Multi-region operations
Akka applications run in multiple regions with their data transparently and continuously replicated even across multiple cloud providers. Akka applications do not require code modifications to run within multiple regions. Operators define controls to determine which regions an application will operate within and whether that application’s data is pinned to one region or replicated across many.
Akka ensures regardless of which region receives a request, the request can be serviced. Multiple replication strategies can be configured, with each offering varying features for different use cases.
Multi-region operations are ideal for:
-
Applications that require 99.9999% availability
-
Geographic failover
-
Geo-homing of data for low latency access
-
Low latency global reads
-
Low latency global writes
Akka has two replication modes: replicated reads and replicated writes.
Replicated reads
Akka’s replicated reads offers full data replication across regions and even cloud providers, without any changes to the service implementation: an entity has its "home" in one primary region, while being replicated to multiple other regions.
Read requests are always handled locally within the region where they occur.
An entity can only be updated within a single region, known as its primary region.
Primary region selection for entities is configurable. There are two modes for primary selection: pinned-region and request-region.
- Pinned-region primary selection mode (default)
-
All entities use the same primary region, which is selected statically as part of the deployment. Write requests to the primary region of the entity are handled locally. Write requests to other regions are forwarded to the primary region. The primary region stays the same until there is an operational change of the primary region.

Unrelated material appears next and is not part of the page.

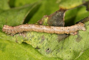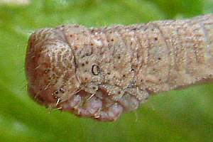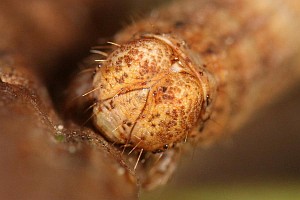 6: Jungraupe, Deutschland, Bayern, Unterallgäu, Woringer Wälder, ca. 630 m, auf Lonicera nigra, 25. Oktober 2013 (leg., cult. & Studiofoto: Peter Schmidt), det. Heidrun Melzer, conf. durch ZuchtergebnisForum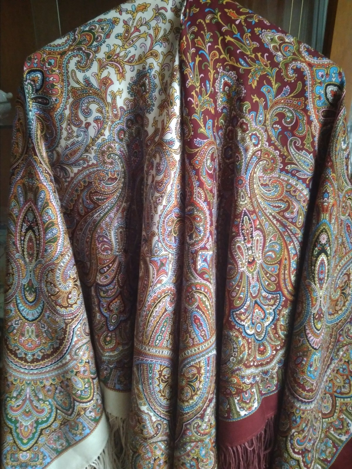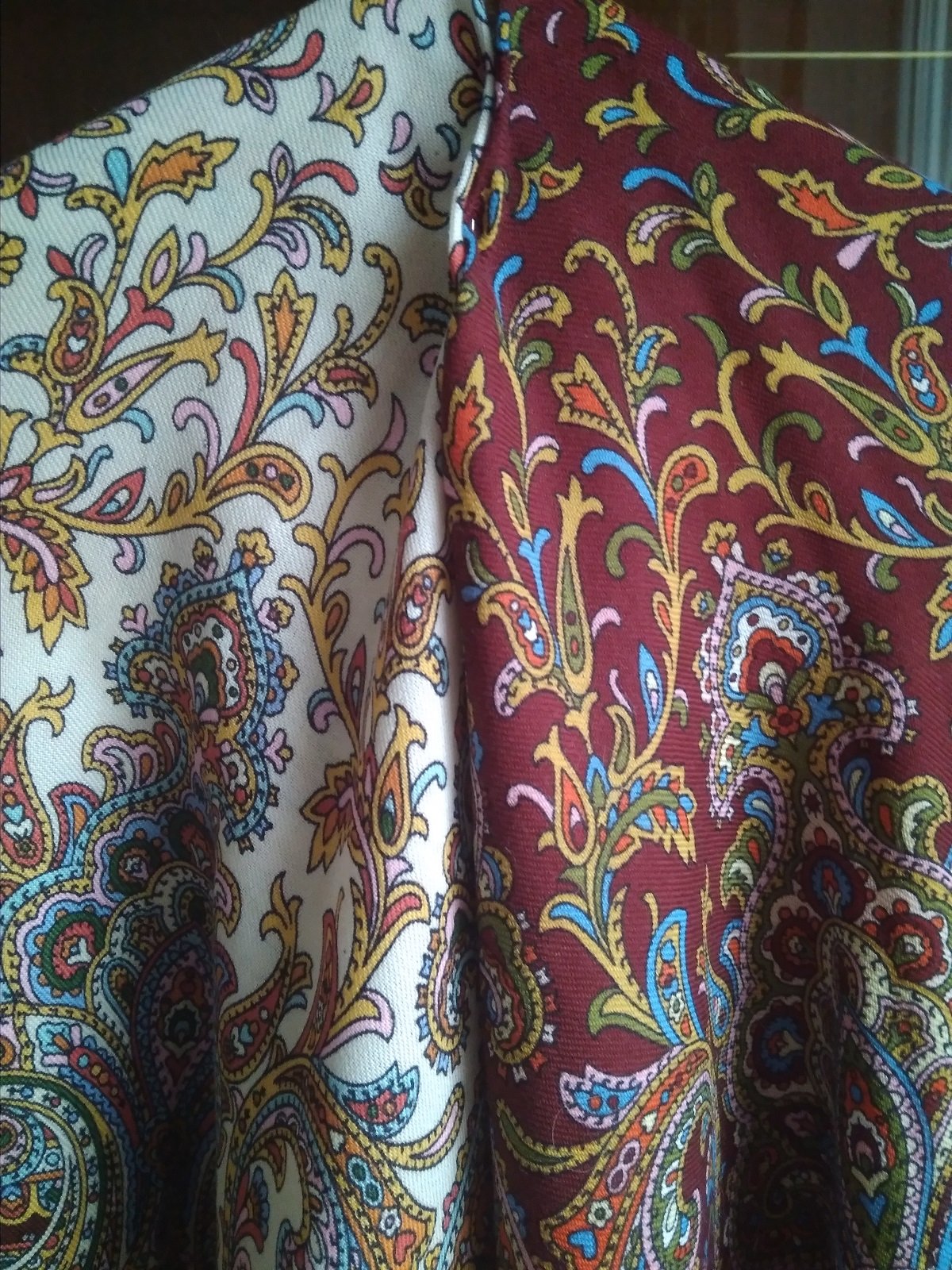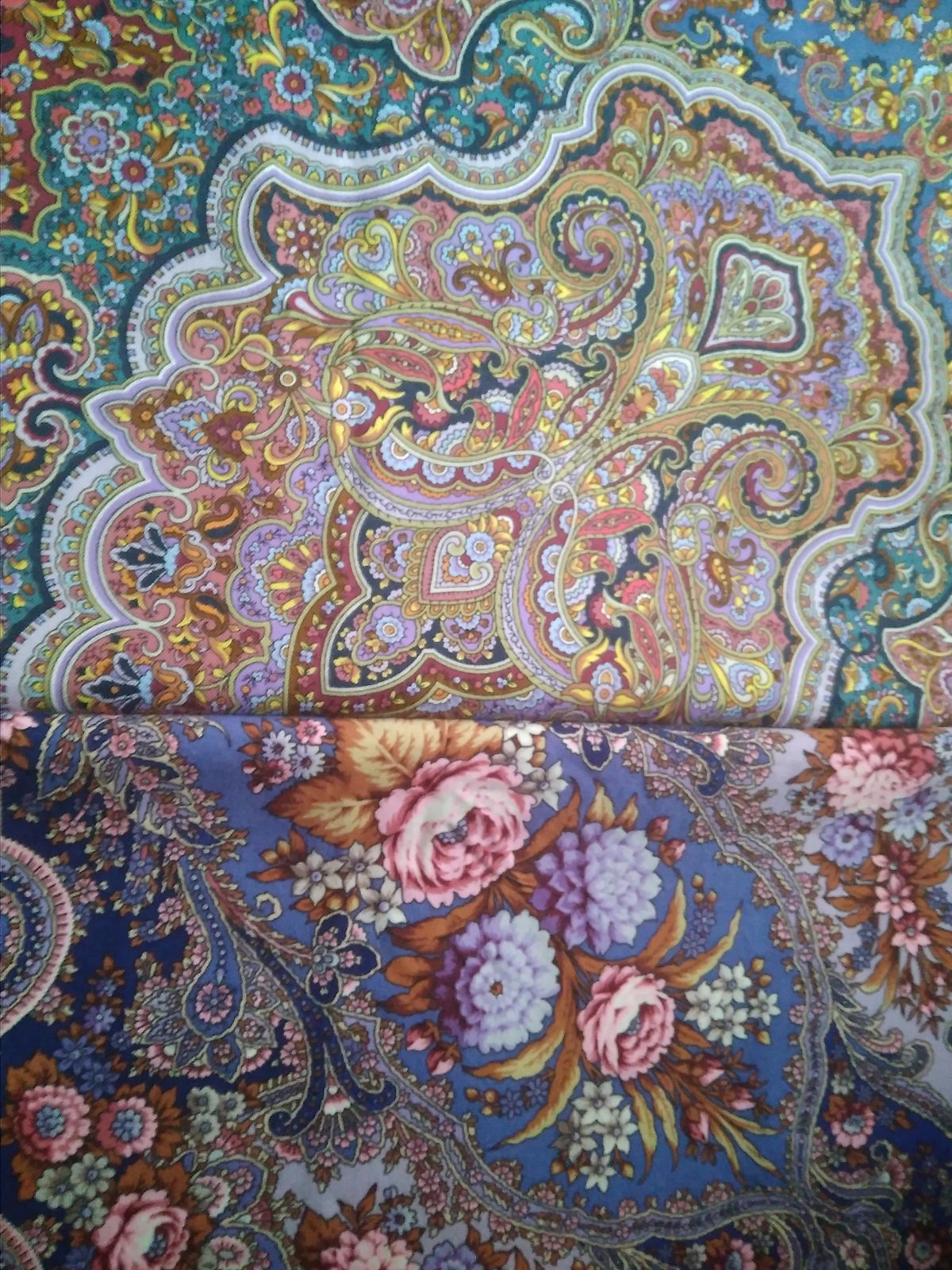 На фото получились как сквозь дымку, в реальности платки более яркие

This is useful for scenarios where you want one primary region, with the ability to fail over to another region in the case of a regional outage.
- Request-region primary selection mode
-
The primary region changes when another region receives a write request. Upon a write request to an entity in a region that is not the primary it will move its primary. The new primary ensures that all preceding events from the previous primary have been fully replicated and applied (i.e. persisted) before writing the new event, and thereby guarantees strong consistency when switching from one region to another. Subsequent write requests to the primary region of the entity are handled locally without any further coordination. Write requests to other regions will trigger the same switch-over process. All other entity instances operate unimpeded during the switch-over process.
This is useful for scenarios where you want to have the primary region for your data close to the users who use the data. A user, Alice, in the USA, will have her data in the USA, while a user Bob, in the UK, will have his data, in the UK. If Alice travels to Asia the data will follow her.
The Operating section explains more details about configuring the primary selection mode.
Illustrating entities with pinned region selection
In the image above, the entity representing Alice has its primary region in Los Angeles. When a user A in the primary region performs a read request , the request is handled locally, and the response sent straight back
.
When the user in the primary region performs a write request , that request is also handled locally, and a response sent directly back
. After that write request completes, that write is replicated to other regions
, such as in London (UK).
A user B in London, when they perform a read , that read operation will happen locally, and a response sent immediately back
.
A user can also perform write operations on entities in non-primary regions.
In this scenario, the user B in London (UK) is performing a write operation on the Alice entity . Since London is not the primary region for the Alice entity, Akka will automatically forward that request to the primary region
, in this case, Los Angeles (USA). That request will be handled in the USA, and a response sent directly back to the user
.
When Bob makes a request in the UK on his data , that request is handled locally
, and replicated to the US
. Exactly the same as Alice’s requests in the USA with her data are handled locally in the USA, and replicated to the UK.
The data however is still available in all regions. If Bob travels to the USA, he can access his data in the Los Angeles region.
When Bob travels to the USA, read requests that Bob makes on his data are handled locally and getting an immediate reply
. Write requests, on the other hand, are forwarded to the UK
, before the reply is sent
.
Meanwhile, all requests made by Alice on her data are handled locally and get an immediate reply
. The write operations are being replicated to the UK
.
Replicated writes
The replicated write replication strategy allows every region to be capable of handling writes for all entities. This is done through the use of CRDTs, which can be modified concurrently in different regions, and their changes safely merged without conflict.
Replication Guarantees
Akka guarantees that all events created within one region are eventually replicated to all other regions in the project.
Each entity’s state is a series of events that are persisted in a local event journal, which acts as the source of events that must be replicated from one region to another. Having a durable, local event journal is the foundation for how Akka can recover an entity’s state in the event of failure.
Each event has a sequence number that is validated on the receiving side to guarantee correct ordering and exactly-once processing of the events. A replicated event is processed by entities in other regions by having the event added to the local event journal of each entity. Once added to the local event journal, the replicated event can be used to update the entity’s state and handle read requests in those regions.
Events are delivered to other regions over a brokerless, streaming gRPC transport. The entity instance that needs to receive replicated events is a consumer and the entity that generated the events is the producer. Events flow from the producing region to the consuming region. An offset of the replication stream is stored on the consumer side, which will start from the previously stored offset when it initiates the replication stream. The producer side will publish events onto the replication stream directly while writing an entity or from reading the event journal after a failure. Duplicate events are detected and filtered out by the sequence numbers of the events. These replication streams can be sharded over many nodes to support high throughput.